A structured set of objections, weighed in public.

Desk editor's note, referee report, simulated authors' rebuttal, and a circularity audit. Tearing a paper down is the easy half of reading it; the pith above is the substance, this is the friction.

Referee Report

2 major / 2 minor

Summary. The manuscript proposes an adaptive memory mechanism to replace the fixed momentum coefficient (typically β=0.9) in first-order optimizers such as SGD and AdamW. The dynamic coefficient is obtained online by minimizing a proximal model that combines a linear approximation of the objective from the current gradient with a second plane derived from the accumulated memory of past gradients. The authors implement the resulting variants on tasks ranging from convex problems to large-scale deep learning and report improved performance over hand-tuned constant-momentum baselines without introducing extra hyperparameters.

Significance. If the two-plane proximal approximation produces a stable, hyperparameter-free online rule that remains effective under stochastic non-convex gradients, the work supplies a principled and unusually simple route to momentum adaptivity. The absence of additional assumptions or tuning parameters would be a practical strength, and the explicit use of a memory-derived plane distinguishes the approach from existing adaptive optimizers.

major comments (2)
  1. [§3] §3 (Derivation of the proximal model): the claim that the composite two-plane surrogate remains sufficiently accurate to yield a useful momentum rule is load-bearing, yet the manuscript provides no analysis showing that the memory plane stays coherent with the current geometry when gradients are stochastic estimates; if the planes diverge, the argmin over the momentum coefficient can become erratic.

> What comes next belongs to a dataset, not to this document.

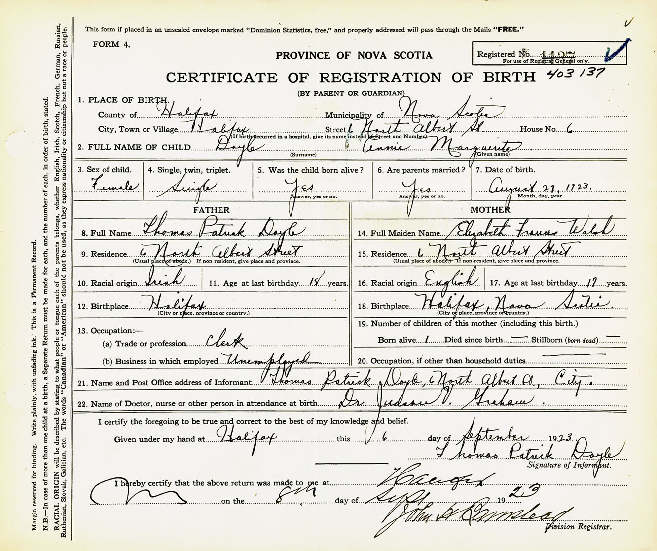 Female Birth Registration: Year: 1923 number: 40300137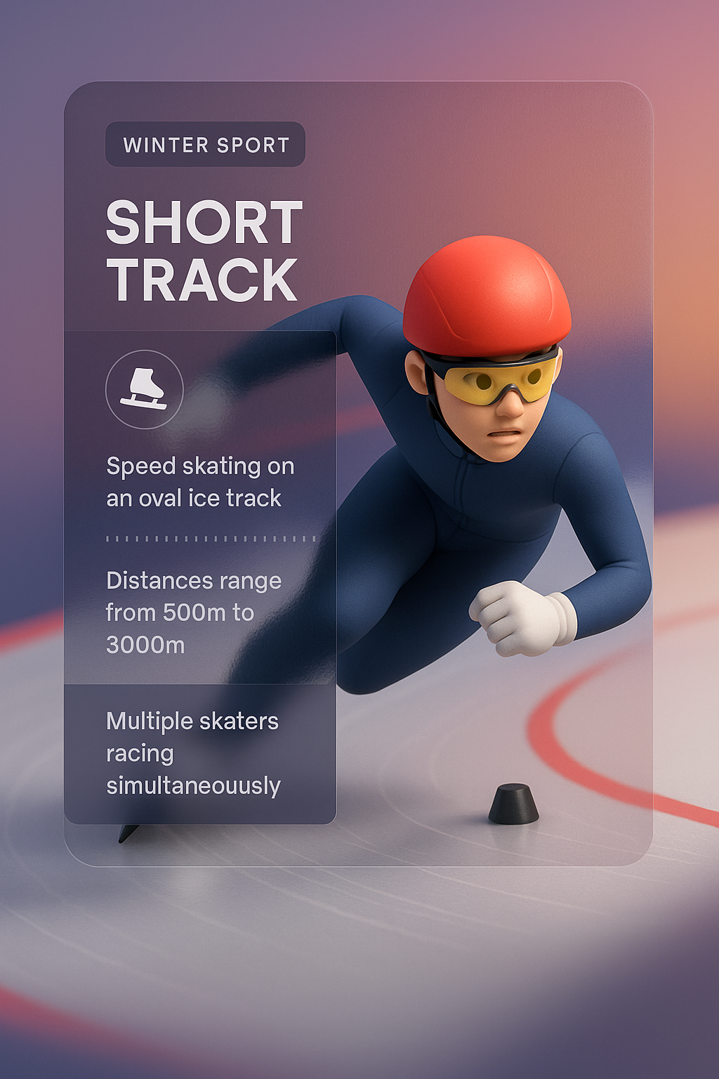 /Collection: /by davooda/Type: PNG/A dynamic 3D illustration of a short track speed skater in action, set against a smooth gradient background. The design features a transparent overlay with key information about the sport, ensuring readability and visual appeal.

A concrete stability argument or counter-example test is required.
  2. [§5.2, Table 3] §5.2 and Table 3 (large-scale experiments): the reported gains over AdamW with β=0.9 are presented without multiple random seeds, statistical significance tests, or ablation on the memory-plane weighting; this weakens the central empirical claim that the method consistently outperforms fixed-momentum baselines.
minor comments (2)
  1. [§2] The abstract states that the proximal framework 'was never used for momentum-based optimization,' but §2 should contain a more explicit comparison with prior model-based or proximal momentum variants to substantiate novelty.
  2. [§3] Notation for the memory plane and the resulting momentum update rule should be introduced with an explicit equation early in §3 rather than being described only in prose.

Simulated Author's Rebuttal

2 responses · 0 unresolved

We thank the referee for their thoughtful and constructive comments. We address each major comment below and indicate the revisions we will incorporate to strengthen the manuscript.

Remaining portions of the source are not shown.